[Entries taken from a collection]
- - - -
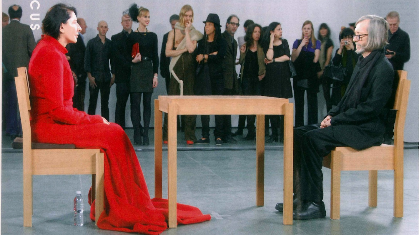
行為藝術家Marina Abramovic（左）在《The Artist Is Present》中，邀請觀眾跟她對坐，作一場沉默的能量交流。
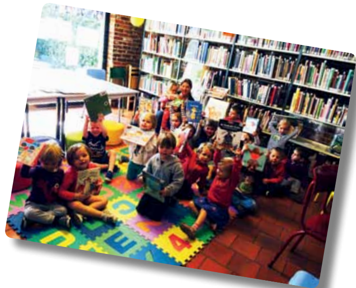
Jeugdboekenweek voor kleuters in de bib
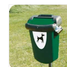
INFOTABULA KOŠ NA PSIE EXKREMENTY OPLOTENIE ZN + PVC
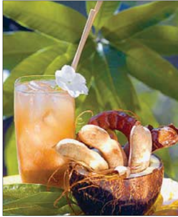
مشروب العرديب (التمر هندي)
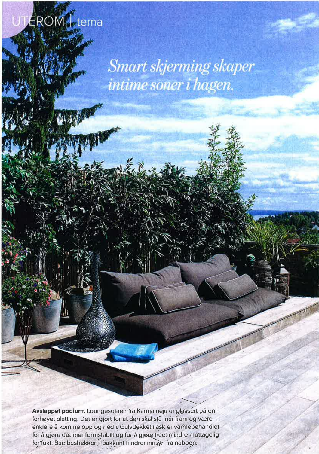
Avslappet podium. Loungesofaen fra Karmameju er plassert på en forhøyet plattform. Det er gjort for at den skal stå mer fram og være enklere å komme opp og ned i. Gulvdekket i ask er varmebehandlet for å gjøre det mer formstabil og for å gjøre treet mindre mottagelig for fukt. Bambushekkén i bakkant hindrer innsyn fra naboen.

Taket er laget av spiler i tre, og oppå dem ligger et dekke av klar plast. Dette slipper lyset gjennom på en behagelig måte. Ved takutspringet er det montert varmeelementer, så man kan sitte ute selv når temperaturen synker.
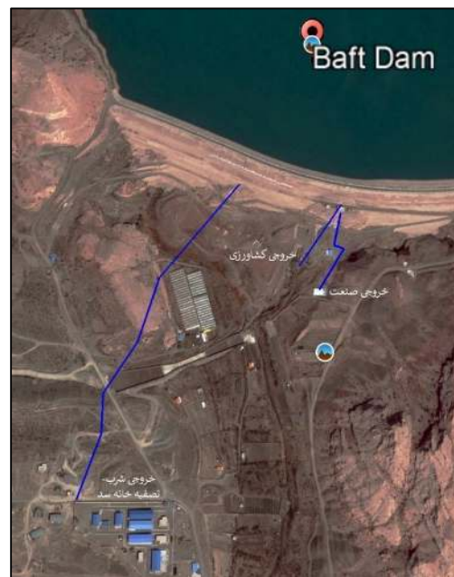
شکل (۳) پلان (تصاویر ماهواره ای) خروجی شرب، صنعت و کشاورزی از سد بافت

طراحی نیروگاه‌های برق آبی کوچک: ایده نیروگاه‌های کوچک در مواردی استفاده می‌شود که جریان آب یا سایر مایعات دیگر مانند خروجی فاضلاب یا جریان آب شور و ارتفاع (هد) مناسبی هم موجود باشد. واحدها ممکن است بسته به شرایط فیزیکی سایت، شفت‌هایی به‌صورت عمودی، افقی و یا مورب داشته باشند. در حالت کلی، تفاوتی بین تجهیزات کنترلی واحدها با شفت افقی و عمودی وجود ندارد. تجهیزات موردنیاز، کاملاً به شرایط کاری پروژه موردنظر بستگی دارند (آی تریپل ای ۱ ، ۱۹۸۸).
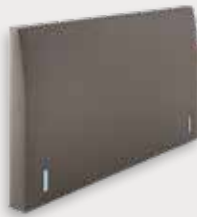
Flexion H92/110 - D15cm
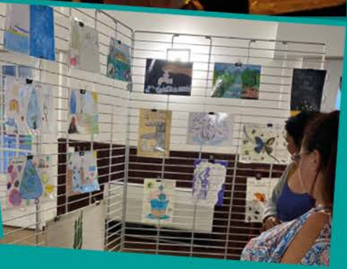
Le concours de dessins du Conseil de l'Eau de la Néra
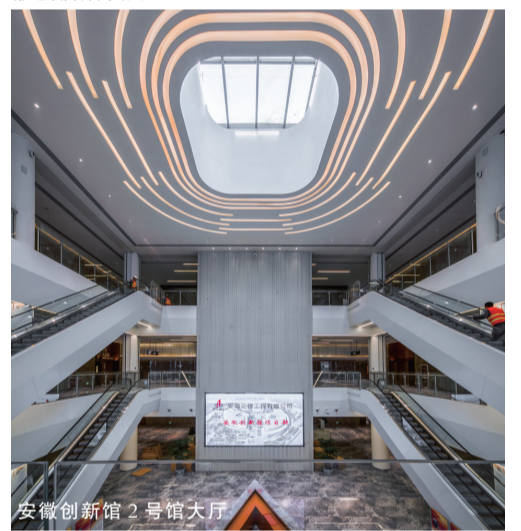
安徽创新馆2号馆大厅

知难不惧,迎难而上,是安徽三建的传统。公司主要领导立即到现场召开动员会,分析形势、调集资源、快速启动项目。在不到三天的时间里,公司抽调精兵强将组建了一支技术精良、作风过硬的50多人项目管理团队;调集了800多人的专业劳务队伍;投入设备40多台、准备资金2000多万元,集中“火力”抢攻安徽创新馆项目。
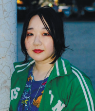
もりのえり 【劇団まんまる】
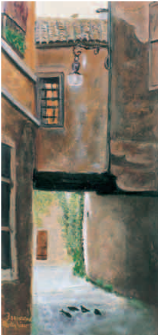
Vicolo Raddi - Udine
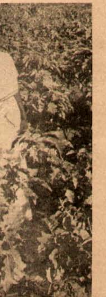
కొరవ పెరటి పంకదొలలో వైపాటుచేస్తున్న వనిశ

రెండవ ప్రపంచయుద్ధకాలంలో శ్రీశివు ప్రజలకు కూరగాయల కరచెట్టుపంపింది. ఒకదోటనుండి మరొకదోటకు కూరగాయ లను రవాణాచేయుట కు వ యో గిం చే లారీలు, ట్రక్కులు చివరకు ఏమానాలు, రై ట్ల కూ డా యుద్ధకార్యకలాపాలకు మాత్రమే వినియోగించబడుట మూలంగా ప్రజలకు కూరగాయలంపక దాల యిబ్బంది వద్దాదు - అలాగని ఆ ప్రభలు కాకూ, చేపలూ ముడుచుకొని మార్కెట్లో పొర్చు లను, అటూరాలను, గు క్కు పు పంజీలు, గోల్సు అంటూడే ప్ర చే కా లు, ప్రభుత్వ కార్యాలయాల ప్రాంతాలు - ఒకటిమిటి ఎక్కడ చాలు గు చతురప్పణాల స్థల ముంకే, ఆ కృ డ క్రమిస్త, దున్ను కూర
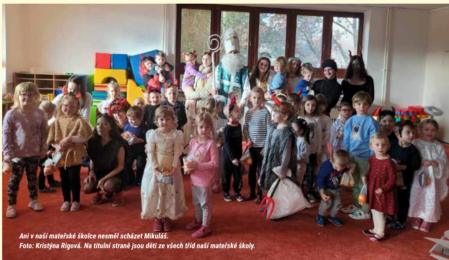
Ani v naší mateřské školce nesměl scházet Mikuláš. Na titulní straně jsou děti ze všech tříd naší mateřské školy.
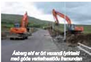
Ásberg ehf er ört vaxandi fyrirtæki með góða verkefnastöðu framundan
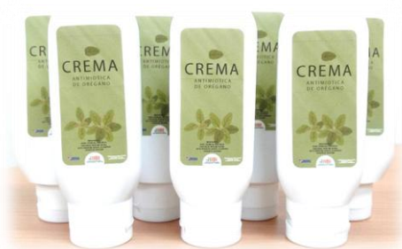
Crema antimicrobica de orégano
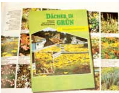
Abb. 2 Eine FBB-Broschüre der ersten Generation
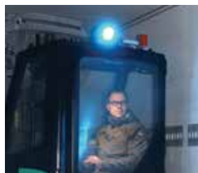
Luz de seguridad con foco azul
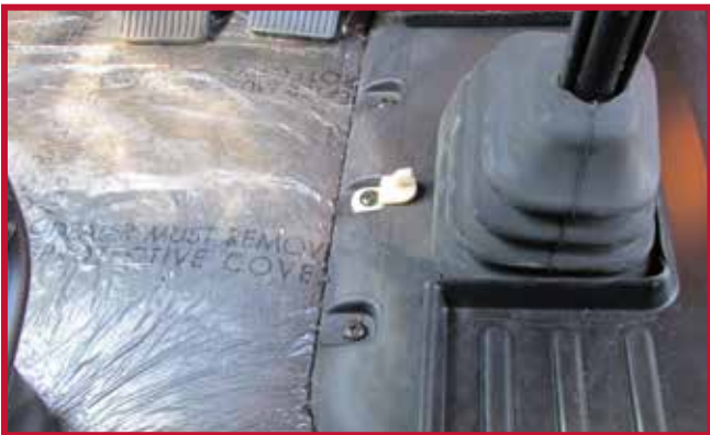
Figura 13 - Orientación correcta del gancho

10. Instale el tapete del lado del conductor y engánchelo en el gancho de retención. El tapete del conductor debe empujarse completamente hacia delante para que el borde delantero haga pleno contacto con los paneles inferiores del salpicadero. Si se instala el kit FKPB2B o 104104, encaje el borde derecho del tapete sobre el borde izquierdo del tapete del pasajero para bloquear los tapetes. Si se instala el kit FKPB3B o 104105, encaje el borde izquierdo del tapete del pasajero sobre la parte superior del tapete del conductor.
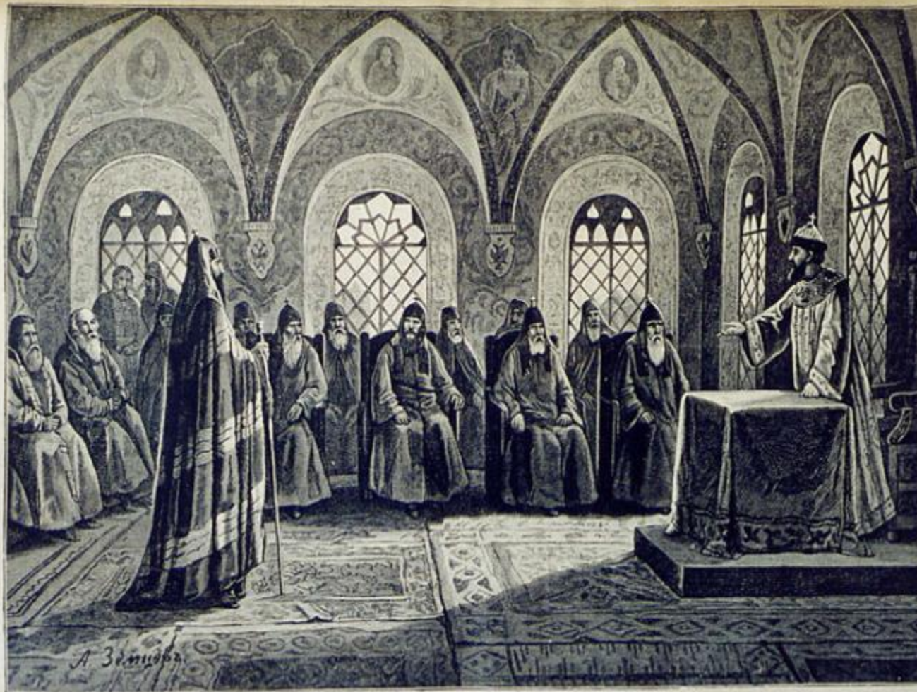
Русская история. Судъ надъ патриархомъ Никономъ. Ориг. рис. (собств. „Левъ“) А. Земцова, грав. Шоблеръ.
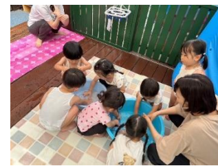
ハンカチをおせんたく。 ママのように上手に 洗えるかな？
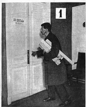
ДВЕРИ ДОЛЖНЫ РАСПЯХИТЬСЯ!

Первый номер журнала «ИЗОБРЕТАТЕЛЬ» открывает статья Альберта Эйнштейна «Массы вместо единиц», где великий ученый говорит, что время гениальных изобретателей-одиночек прошло, наступает замечательная эпоха коллективного изобретательства. В этой январской книжке новорожденного издания блистательный подбор авторов. Со статьями выступают крупные государственные и партийные деятели — В.Куйбышев, Л.Каменев, замечательные писатели — М.Пришвин, В.Шкловский, Н.Погодин, знаменитый журналист М.Кольцов, академики, выдающиеся инженеры и простые рабочие. Печатается бюллетень важнейших государственных решений по изобретательским делам, в том числе о привилегиях, помогавших тогдашним изобретателям жить и заниматься творчеством.
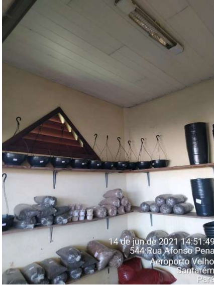
INTERNA E BALANCIM
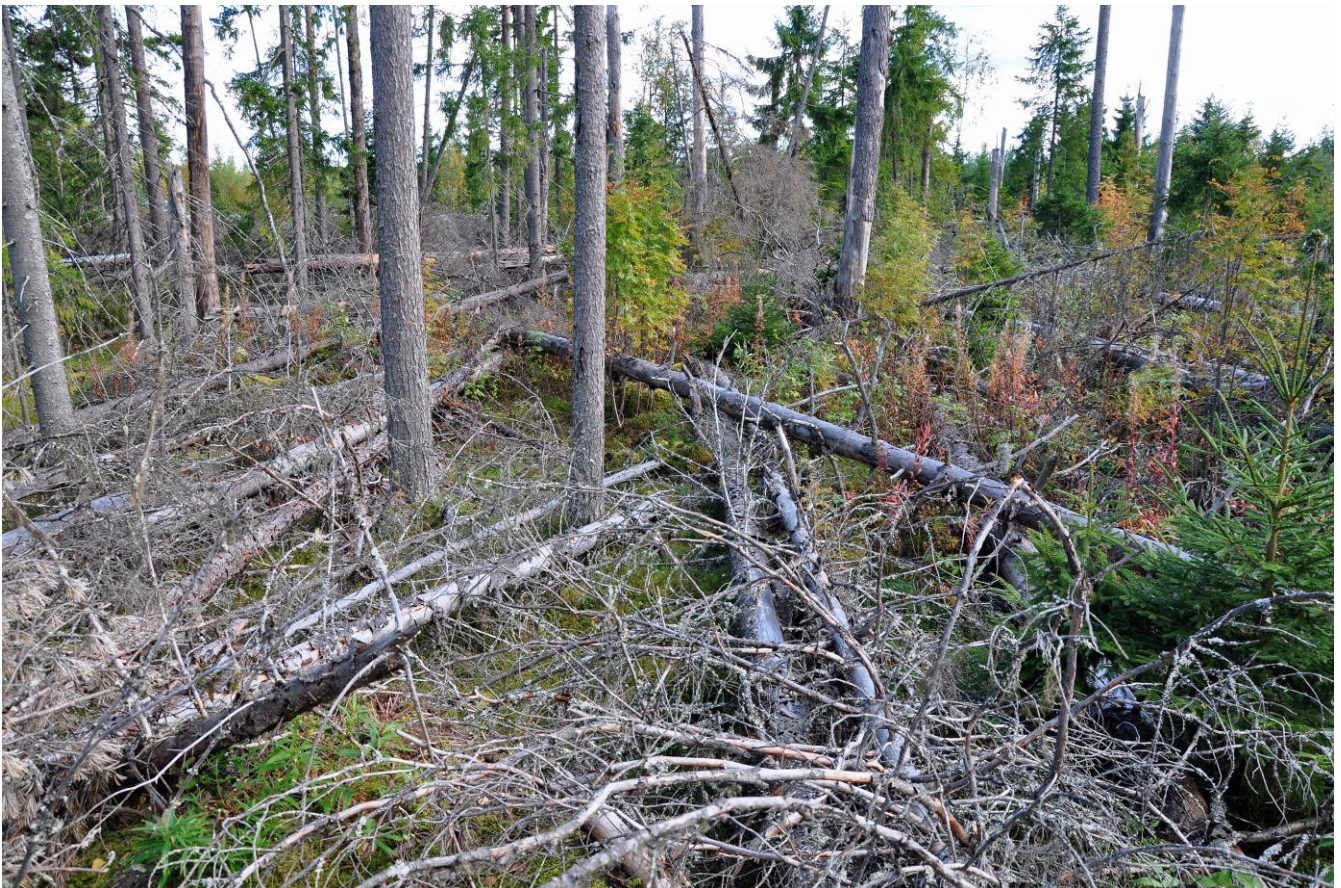
Kuva 5. Konneveden Kytömurronsuon vanhojen metsien kohde on myrskytuhoaluetta

Luonnosvaiheen jälkeen tehdyt muutokset: Luonnonsuojelulailla toteutetut tai toteutettavaksi tarkoitetut alueet merkittiin kaavaan SL-merkinnällä. Lisäksi kaikki Natura-alueet osoitetaan kaavakartalla erillisellä nat-merkinnällä, mikä korostaa ja edistää Natura-alueiden huomioon ottamista. Saarijärven reitin valtakunnallista maisema-alueita pienennettiin, koska laajennuksella ei ole vielä virallista statusta. Laajennusalue merkittiin maakunnallisesti arvokkaaksi maisema-alueeksi. Muutokset eivät vaikuta alueen Natura-arvioinnin tarveharkintaan.
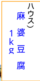
ハウスの 麻婆豆腐 1kg
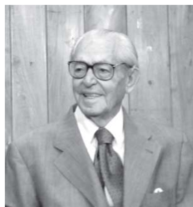
Adolfo Sánchez Vázquez
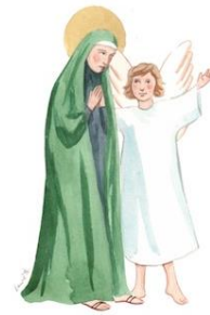
Ste Françoise Romaine

(Témoignage de l'un de ses contemporains)
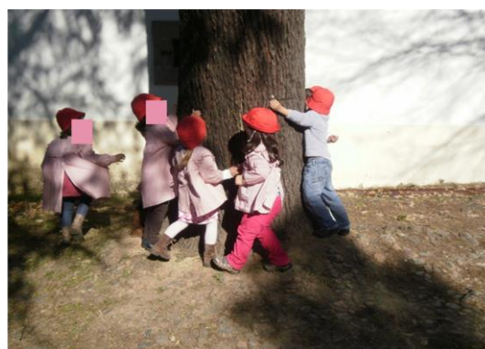
Figuras 7 e 8. À descoberta da quinta

A observação e os registos gráficos forneceram evidências de que as atividades desenvolvidas alargaram e contextualizaram os conhecimentos matemáticos das crianças e estimularam a curiosidade e o desejo de saber mais e compreender fenómenos naturais que ocorrem no seu quotidiano. A evocação e a descrição das
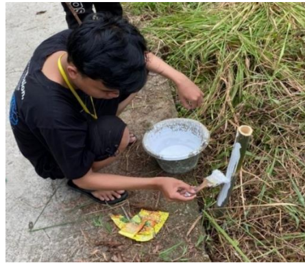
Gambar 2.9 Ikut serta membantu dalam kegiatan HUT RI yg ke 77

Dalam perayaan HUT-RI-77 kami segenap mahasiswa/i ikut serta membantu dalam kegiatan persiapan HUT RI-77 untuk memeriahkan perayaan Kemerdekaan Republik Indonesia ke -77 di Desa Sinar Ogan, Kecamatan Tanjung Bintang, Kabupaten Lampung Selatan.
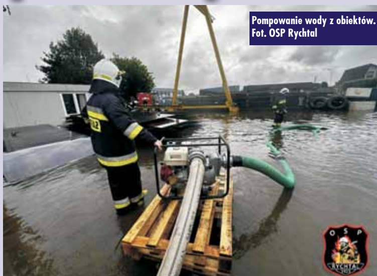
Pompowanie wody z obiektów.

Ogłoszono wyniki XII edycji konkursu „Nasza wieś, naszą wspólną sprawą”. Zarząd Województwa Wielkopolskiego zatwierdził listę przedsięwzięć, które otrzymają wsparcie finansowe. Dofinansowanie otrzyma 67 projektów, których łączna kwota wsparcia z budżetu Województwa Wielkopolskiego to niespełna 700 tys. zł
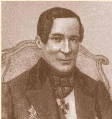
Константин Иванович Арсеньев
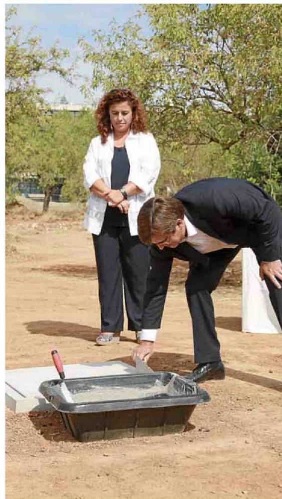
El president Antich, mentre tapava la primera pedra de l'edifici.

Amb tot, Antich també parlà del sector privat, el qual valorà com a "imprescindible" per millorar la competitivitat de l'Arxipèlag i el model productiu. El
- - - -
About this task: Although the records contain pictures, transcribe only their text, exactly as written.

The completed task:
行為藝術家Marina Abramovic（左）在《The Artist Is Present》中，邀請觀眾跟她對坐，作一場沉默的能量交流。
Jeugdboekenweek voor kleuters in de bib
INFOTABULA KOŠ NA PSIE EXKREMENTY OPLOTENIE ZN + PVC
مشروب العرديب (التمر هندي)
Avslappet podium. Loungesofaen fra Karmameju er plassert på en forhøyet plattform. Det er gjort for at den skal stå mer fram og være enklere å komme opp og ned i. Gulvdekket i ask er varmebehandlet for å gjøre det mer formstabil og for å gjøre treet mindre mottagelig for fukt. Bambushekkén i bakkant hindrer innsyn fra naboen.

Taket er laget av spiler i tre, og oppå dem ligger et dekke av klar plast. Dette slipper lyset gjennom på en behagelig måte. Ved takutspringet er det montert varmeelementer, så man kan sitte ute selv når temperaturen synker.
شکل (۳) پلان (تصاویر ماهواره ای) خروجی شرب، صنعت و کشاورزی از سد بافت

طراحی نیروگاه‌های برق آبی کوچک: ایده نیروگاه‌های کوچک در مواردی استفاده می‌شود که جریان آب یا سایر مایعات دیگر مانند خروجی فاضلاب یا جریان آب شور و ارتفاع (هد) مناسبی هم موجود باشد. واحدها ممکن است بسته به شرایط فیزیکی سایت، شفت‌هایی به‌صورت عمودی، افقی و یا مورب داشته باشند. در حالت کلی، تفاوتی بین تجهیزات کنترلی واحدها با شفت افقی و عمودی وجود ندارد. تجهیزات موردنیاز، کاملاً به شرایط کاری پروژه موردنظر بستگی دارند (آی تریپل ای ۱ ، ۱۹۸۸).
Flexion H92/110 - D15cm
Le concours de dessins du Conseil de l'Eau de la Néra
安徽创新馆2号馆大厅

知难不惧,迎难而上,是安徽三建的传统。公司主要领导立即到现场召开动员会,分析形势、调集资源、快速启动项目。在不到三天的时间里,公司抽调精兵强将组建了一支技术精良、作风过硬的50多人项目管理团队;调集了800多人的专业劳务队伍;投入设备40多台、准备资金2000多万元,集中“火力”抢攻安徽创新馆项目。
もりのえり 【劇団まんまる】
Vicolo Raddi - Udine
కొరవ పెరటి పంకదొలలో వైపాటుచేస్తున్న వనిశ

రెండవ ప్రపంచయుద్ధకాలంలో శ్రీశివు ప్రజలకు కూరగాయల కరచెట్టుపంపింది. ఒకదోటనుండి మరొకదోటకు కూరగాయ లను రవాణాచేయుట కు వ యో గిం చే లారీలు, ట్రక్కులు చివరకు ఏమానాలు, రై ట్ల కూ డా యుద్ధకార్యకలాపాలకు మాత్రమే వినియోగించబడుట మూలంగా ప్రజలకు కూరగాయలంపక దాల యిబ్బంది వద్దాదు - అలాగని ఆ ప్రభలు కాకూ, చేపలూ ముడుచుకొని మార్కెట్లో పొర్చు లను, అటూరాలను, గు క్కు పు పంజీలు, గోల్సు అంటూడే ప్ర చే కా లు, ప్రభుత్వ కార్యాలయాల ప్రాంతాలు - ఒకటిమిటి ఎక్కడ చాలు గు చతురప్పణాల స్థల ముంకే, ఆ కృ డ క్రమిస్త, దున్ను కూర
Ani v naší mateřské školce nesměl scházet Mikuláš. Na titulní straně jsou děti ze všech tříd naší mateřské školy.
Ásberg ehf er ört vaxandi fyrirtæki með góða verkefnastöðu framundan
Crema antimicrobica de orégano
Abb. 2 Eine FBB-Broschüre der ersten Generation
Luz de seguridad con foco azul
Figura 13 - Orientación correcta del gancho

10. Instale el tapete del lado del conductor y engánchelo en el gancho de retención. El tapete del conductor debe empujarse completamente hacia delante para que el borde delantero haga pleno contacto con los paneles inferiores del salpicadero. Si se instala el kit FKPB2B o 104104, encaje el borde derecho del tapete sobre el borde izquierdo del tapete del pasajero para bloquear los tapetes. Si se instala el kit FKPB3B o 104105, encaje el borde izquierdo del tapete del pasajero sobre la parte superior del tapete del conductor.
Русская история. Судъ надъ патриархомъ Никономъ. Ориг. рис. (собств. „Левъ“) А. Земцова, грав. Шоблеръ.
ハンカチをおせんたく。 ママのように上手に 洗えるかな？
ДВЕРИ ДОЛЖНЫ РАСПЯХИТЬСЯ!

Первый номер журнала «ИЗОБРЕТАТЕЛЬ» открывает статья Альберта Эйнштейна «Массы вместо единиц», где великий ученый говорит, что время гениальных изобретателей-одиночек прошло, наступает замечательная эпоха коллективного изобретательства. В этой январской книжке новорожденного издания блистательный подбор авторов. Со статьями выступают крупные государственные и партийные деятели — В.Куйбышев, Л.Каменев, замечательные писатели — М.Пришвин, В.Шкловский, Н.Погодин, знаменитый журналист М.Кольцов, академики, выдающиеся инженеры и простые рабочие. Печатается бюллетень важнейших государственных решений по изобретательским делам, в том числе о привилегиях, помогавших тогдашним изобретателям жить и заниматься творчеством.
INTERNA E BALANCIM
Kuva 5. Konneveden Kytömurronsuon vanhojen metsien kohde on myrskytuhoaluetta

Luonnosvaiheen jälkeen tehdyt muutokset: Luonnonsuojelulailla toteutetut tai toteutettavaksi tarkoitetut alueet merkittiin kaavaan SL-merkinnällä. Lisäksi kaikki Natura-alueet osoitetaan kaavakartalla erillisellä nat-merkinnällä, mikä korostaa ja edistää Natura-alueiden huomioon ottamista. Saarijärven reitin valtakunnallista maisema-alueita pienennettiin, koska laajennuksella ei ole vielä virallista statusta. Laajennusalue merkittiin maakunnallisesti arvokkaaksi maisema-alueeksi. Muutokset eivät vaikuta alueen Natura-arvioinnin tarveharkintaan.
ハウスの 麻婆豆腐 1kg
Adolfo Sánchez Vázquez
Ste Françoise Romaine

(Témoignage de l'un de ses contemporains)
Figuras 7 e 8. À descoberta da quinta

A observação e os registos gráficos forneceram evidências de que as atividades desenvolvidas alargaram e contextualizaram os conhecimentos matemáticos das crianças e estimularam a curiosidade e o desejo de saber mais e compreender fenómenos naturais que ocorrem no seu quotidiano. A evocação e a descrição das
Gambar 2.9 Ikut serta membantu dalam kegiatan HUT RI yg ke 77

Dalam perayaan HUT-RI-77 kami segenap mahasiswa/i ikut serta membantu dalam kegiatan persiapan HUT RI-77 untuk memeriahkan perayaan Kemerdekaan Republik Indonesia ke -77 di Desa Sinar Ogan, Kecamatan Tanjung Bintang, Kabupaten Lampung Selatan.
Pompowanie wody z obiektów.

Ogłoszono wyniki XII edycji konkursu „Nasza wieś, naszą wspólną sprawą”. Zarząd Województwa Wielkopolskiego zatwierdził listę przedsięwzięć, które otrzymają wsparcie finansowe. Dofinansowanie otrzyma 67 projektów, których łączna kwota wsparcia z budżetu Województwa Wielkopolskiego to niespełna 700 tys. zł
Константин Иванович Арсеньев
El president Antich, mentre tapava la primera pedra de l'edifici.

Amb tot, Antich també parlà del sector privat, el qual valorà com a "imprescindible" per millorar la competitivitat de l'Arxipèlag i el model productiu. El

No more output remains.